«M. Proudhon ha escrito en sus Confesiones de un revolucionario estas notables palabras: "Es cosa que admira el ver de qué manera en todas nuestras cuestiones políticas tropezamos siempre con la teología". Nada hay aquí que pueda causar sorpresa, sino la sorpresa de M. Proudhon. La teología, por lo mismo que es la ciencia de Dios, es el océano que contiene y abarca todas las ciencias, así como Dios es el océano que contiene y abarca todas las cosas» (Donoso Cortés).

sábado, 29 de noviembre de 2014

MANUEL PARRA CELAYA: De Benavente a Berlanga

Como, a juzgar por los escaparates y por los adornos laicos (y generalmente cursis), ya estamos casi en Navidad, me decidí a sacar el sinnúmero de cajas y envoltorios que contienen el Pesebre familiar; al desenvolver cuidadosamente las figuritas, hallé una desconocida e insospechada: se trataba del “pequeño Nicolás”.
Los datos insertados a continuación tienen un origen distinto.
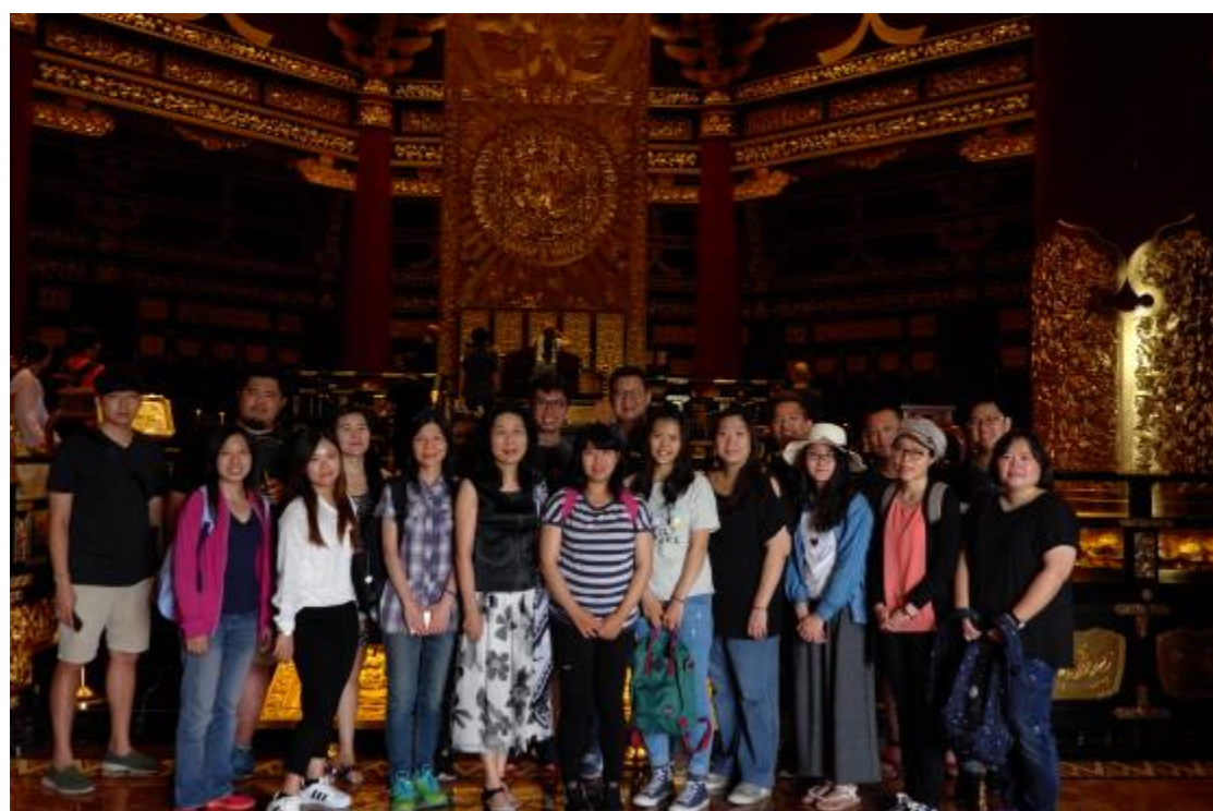
參觀洛陽天堂、明堂合影

Perdonen los lectores este chiste malo y prenavideño, pero es que sigo fascinado por el personaje, su entorno y las circunstancias que lo rodean, no tanto suyas, como de todos cuantos forman parte de su colección de retratos oficiales o de “selfies” o como se diga. No puedo evitar que resuenen en mis oídos las inmortales palabras con que se abre Los intereses creados, concretamente allí donde escribió don Jacinto “He aquí el tinglado de la antigua farsa, la que alivió en posadas aldeanas el cansancio de los trajinantes, la que embobó en las plazas de humildes lugares a los simples villanos, la que juntó en ciudades populosas a los más variados concursos…” y, sobre todo, cuando dice más adelante: “Alguna vez también subió la farsa a palacios de príncipes, altísimos señores, por humorada de sus dueños, y no fue allí menos libre y despreocupada. Fue de todos y para todos”.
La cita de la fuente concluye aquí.